_Work to complete_: From the entries below, print exactly the span beginning with the line holding "Experience refined sophistication" and ending with the line holding "Statt die zwei", endpoints included, and skip any pictures.

Entries provided Start Marker

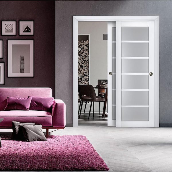 84 in. x 84 in. 2 Panel Matte Grey Finished Solid Wood Sliding Door with Hardware
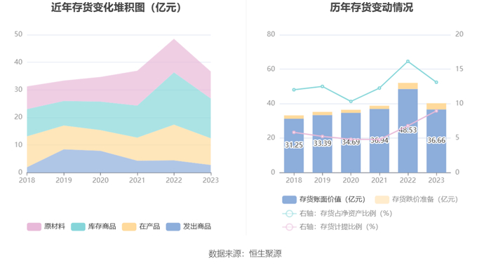 从存货变动来看,截至2023年末,公司存货账面价值为36.66亿元,占净资产的13.11%,较上年末减少11.87亿元。其中,存货跌价准备为3.6亿元,计提比例为8.95%。
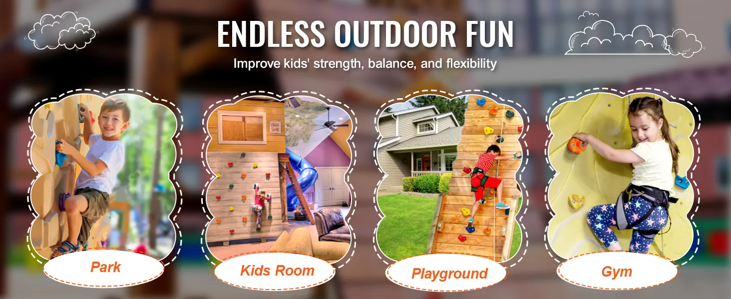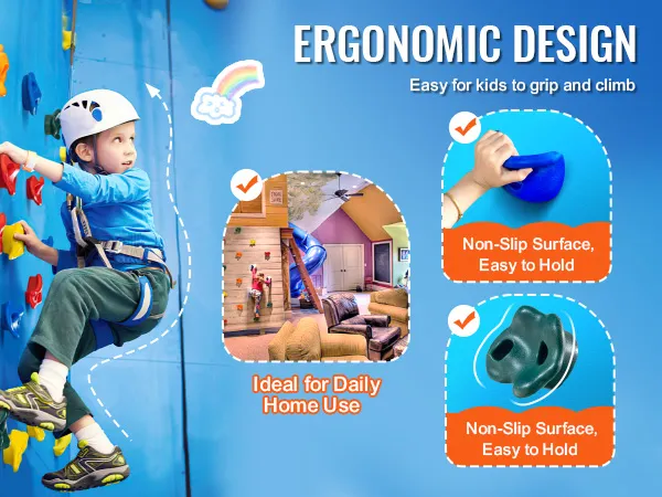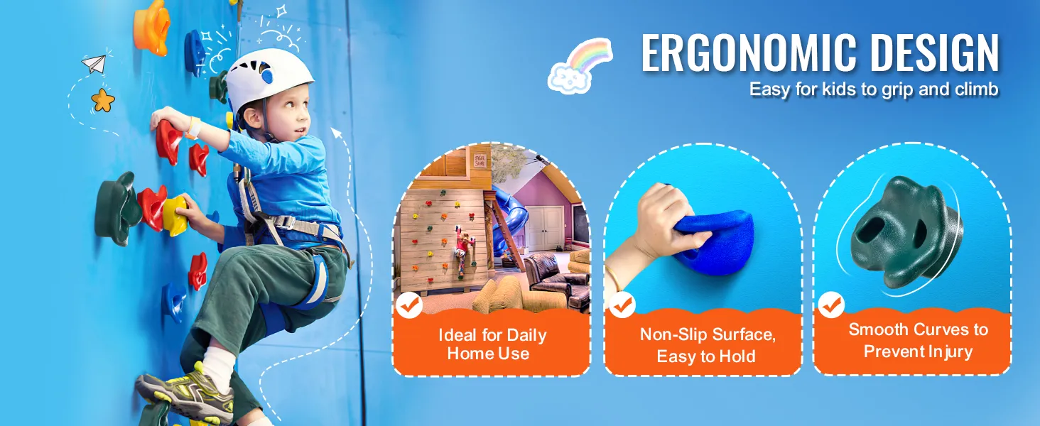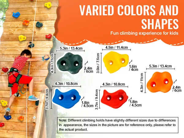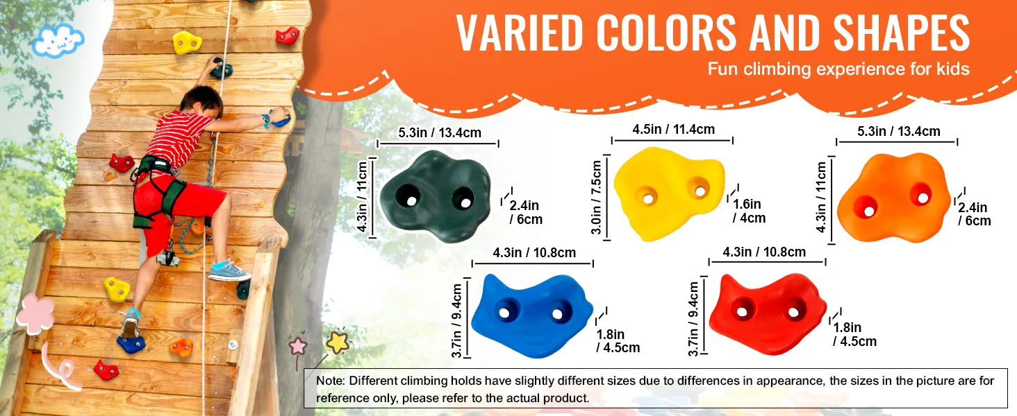 Grote en gemakkelijk vast te pakken handgrepen: De klimwandhandgrepen zijn verkrijgbaar in verschillende maten. Dankzij hun unieke antislip, gestructureerde oppervlak zijn ze gemakkelijk vast te pakken en te belopen, waardoor kinderen een veilige en comfortabele grip hebben tijdens het klimmen. Deze activiteit helpt de hand-oog-voetcoördinatie van kinderen te verbeteren, hun evenwichtsgevoel te trainen, hun concentratie te vergroten en hun zelfvertrouwen en moed te versterken.
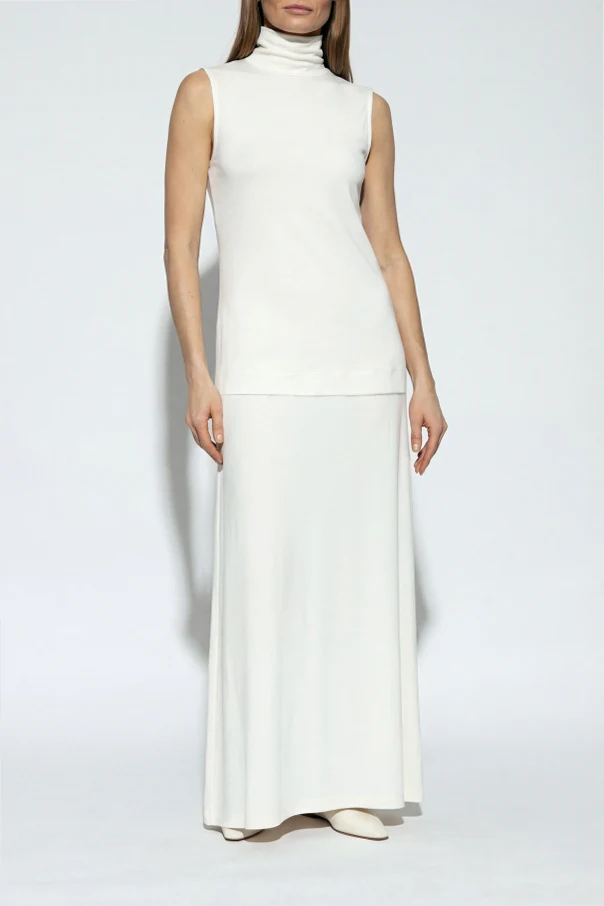 Experience refined sophistication with this sleeveless maxi dress in pristine white by renowned designer Jil Sander . Meticulously tailored from a supple, high-quality fabric, its smooth, non-sheer texture envelops the silhouette with graceful lightness. The dress features a flawlessly fitted upper bodice with a high, sculpted turtleneck, evoking modern minimalism while softly elongating the neckline.
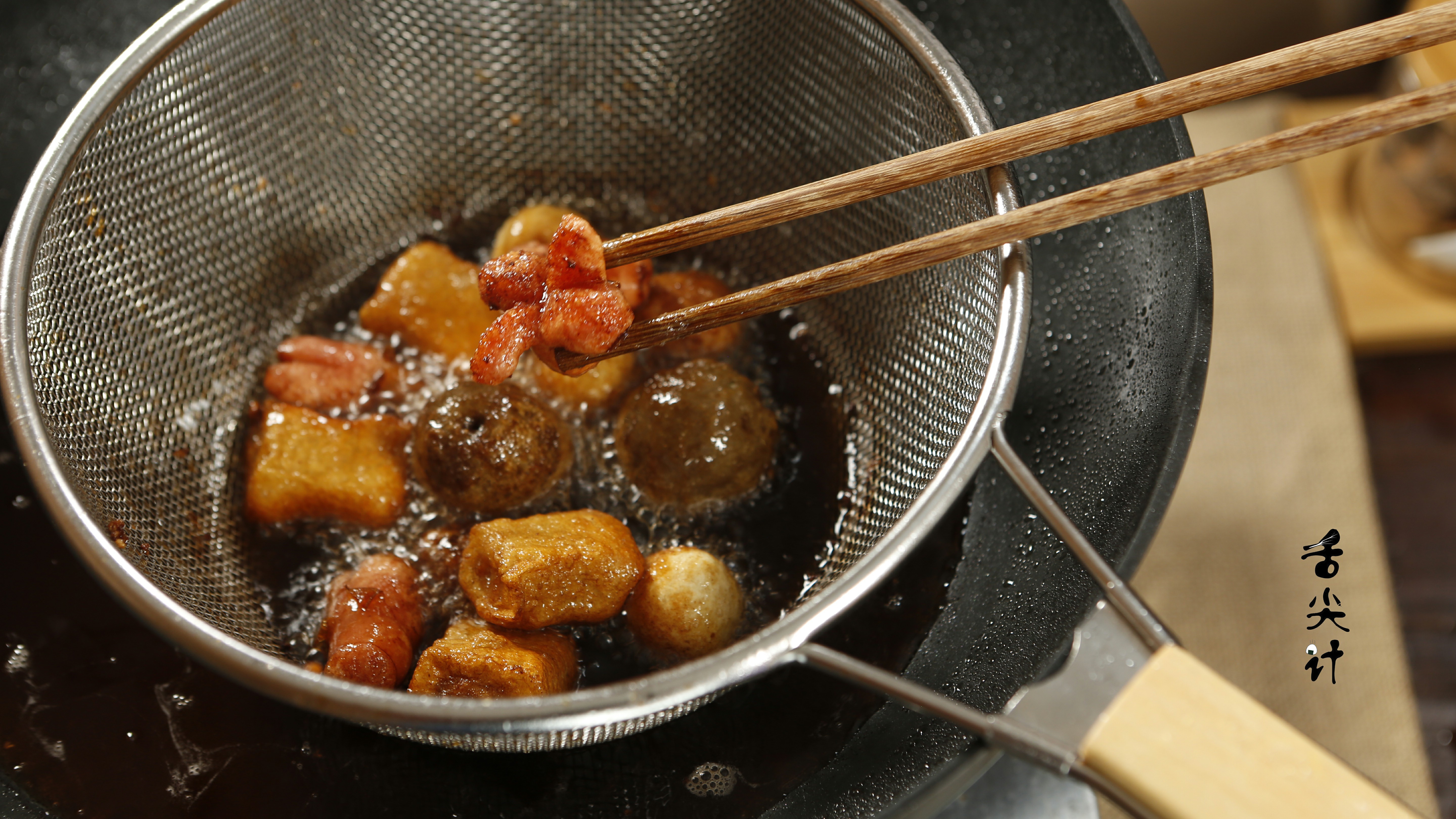 第五步:热锅上油,把虾、鱿鱼、鱼豆腐等荤食油炸至酥脆,捞出。
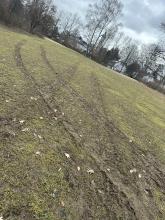 Statt die zwei kleineMülleimer per Hand zu leeren, wurde ein Transporter quer über die Wiese gesteuert.
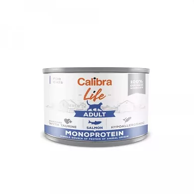 Calibra Cat Life Adult Salmon – konzerva s lososom, ktorá je určená pre dospelé mačky. Kompletné vlhké krmivo je založené na jedinom druhu proteínu. Ide o hypoalergénnu receptúru zostavenú z limitovaného počtu ingrediencií. Konzerva je bez obilnín a lepku, čo má pozitívny vplyv na výbornú stráviteľnosť. Obsahuje len 100 % špecifikované suroviny tej najvyššej kvality.
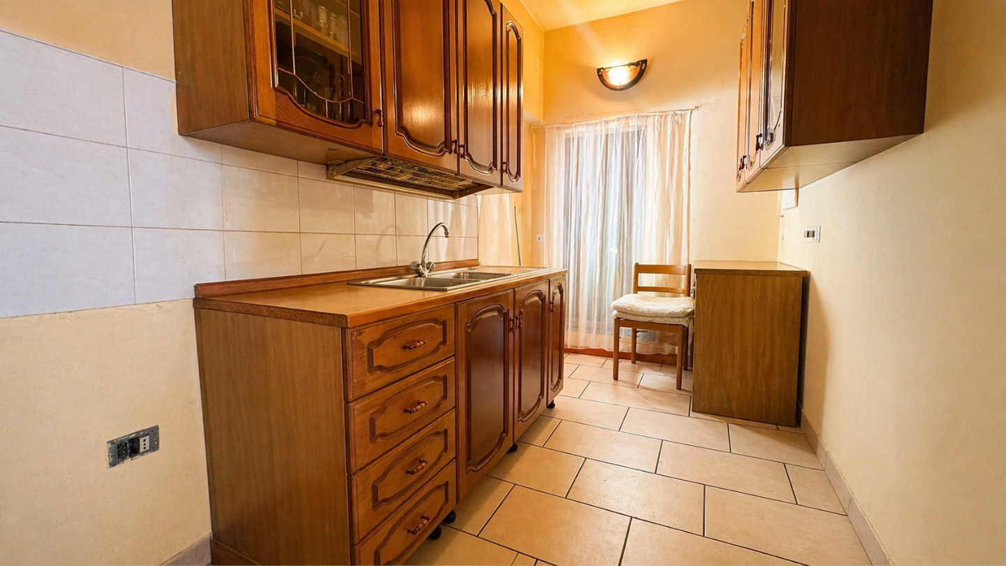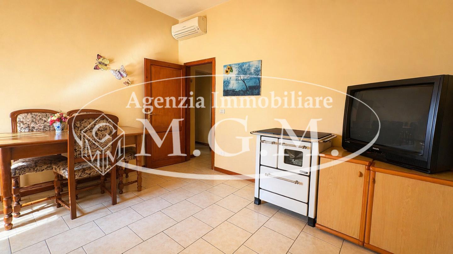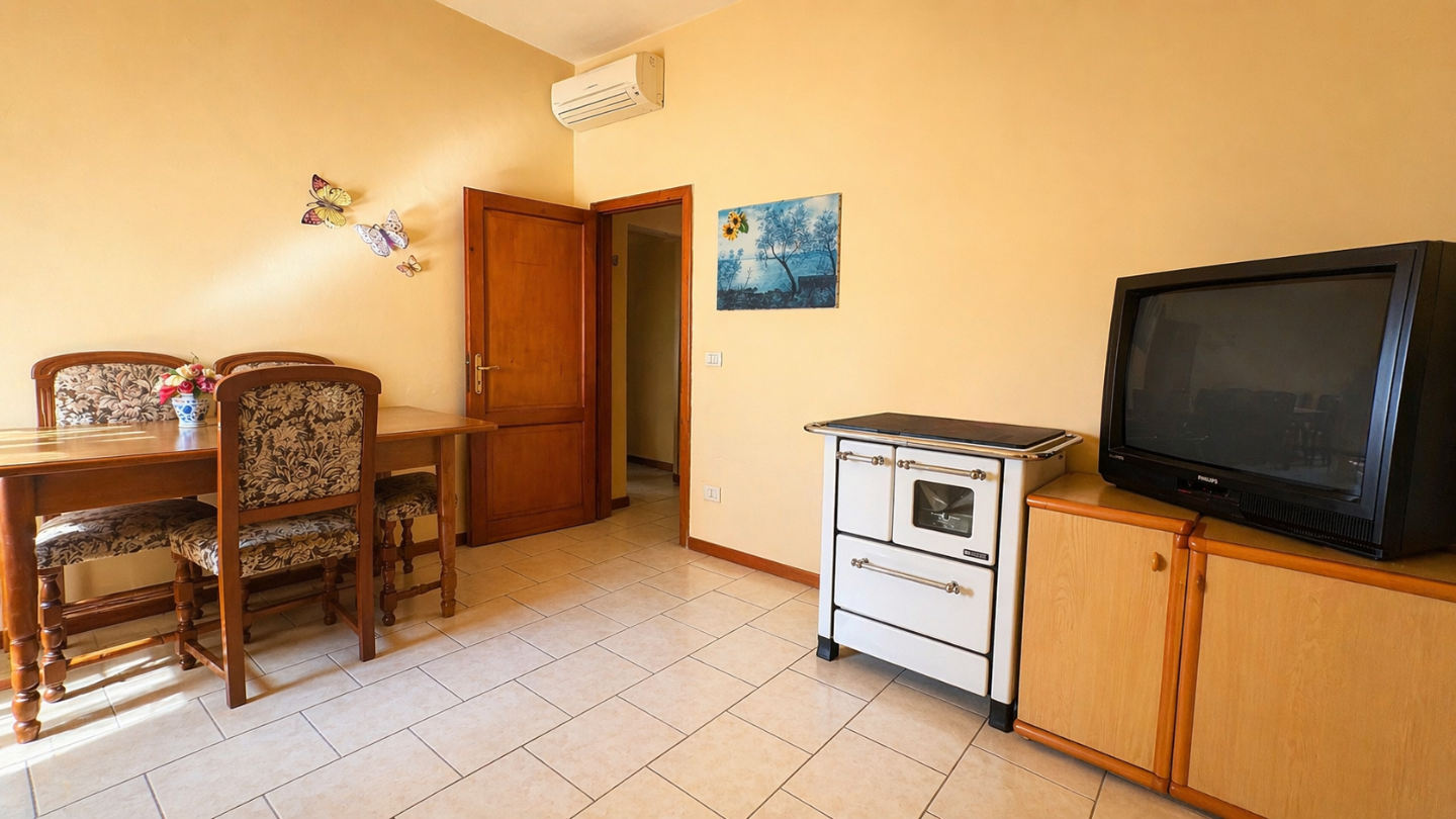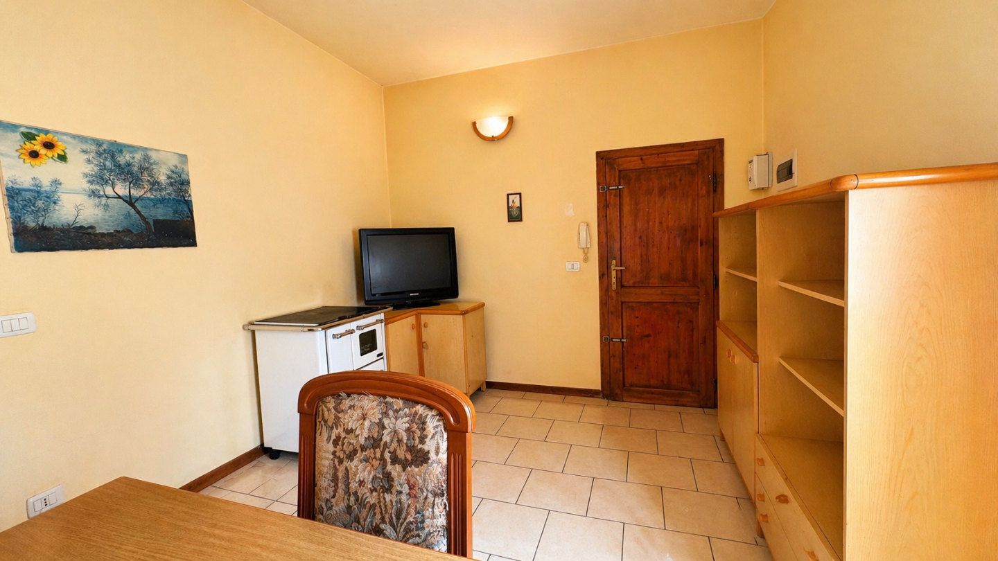 L’abitazione è composta da: ingresso in soggiorno- pranzo, cucinotto con piccolo balcone e comodo ripostiglio-dispensa , disimpegno notte, una spaziosa camera matrimoniale, una camerina e un bagno.
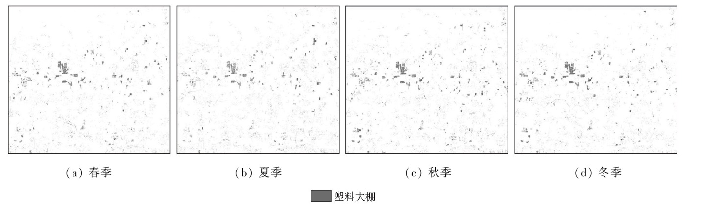 | Fig.6 Plastic greenhouses extracted from different season images using the proposed method in the study area |
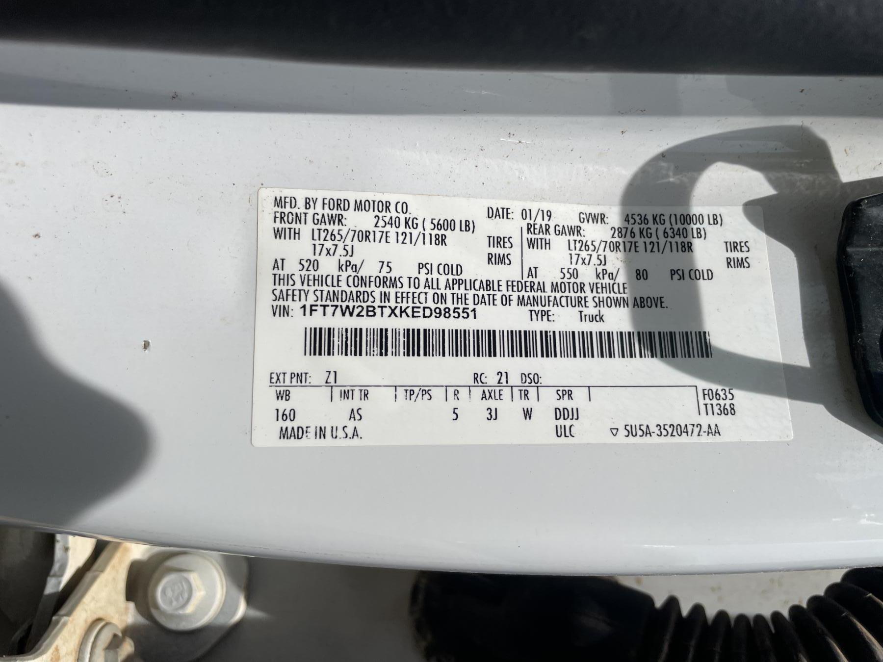 Vehicle ID Number: 1FT7W2BTXKED98551

Entries provided End Marker

_Reply to the task_:
 Experience refined sophistication with this sleeveless maxi dress in pristine white by renowned designer Jil Sander . Meticulously tailored from a supple, high-quality fabric, its smooth, non-sheer texture envelops the silhouette with graceful lightness. The dress features a flawlessly fitted upper bodice with a high, sculpted turtleneck, evoking modern minimalism while softly elongating the neckline.
 第五步:热锅上油,把虾、鱿鱼、鱼豆腐等荤食油炸至酥脆,捞出。
 Statt die zwei kleineMülleimer per Hand zu leeren, wurde ein Transporter quer über die Wiese gesteuert.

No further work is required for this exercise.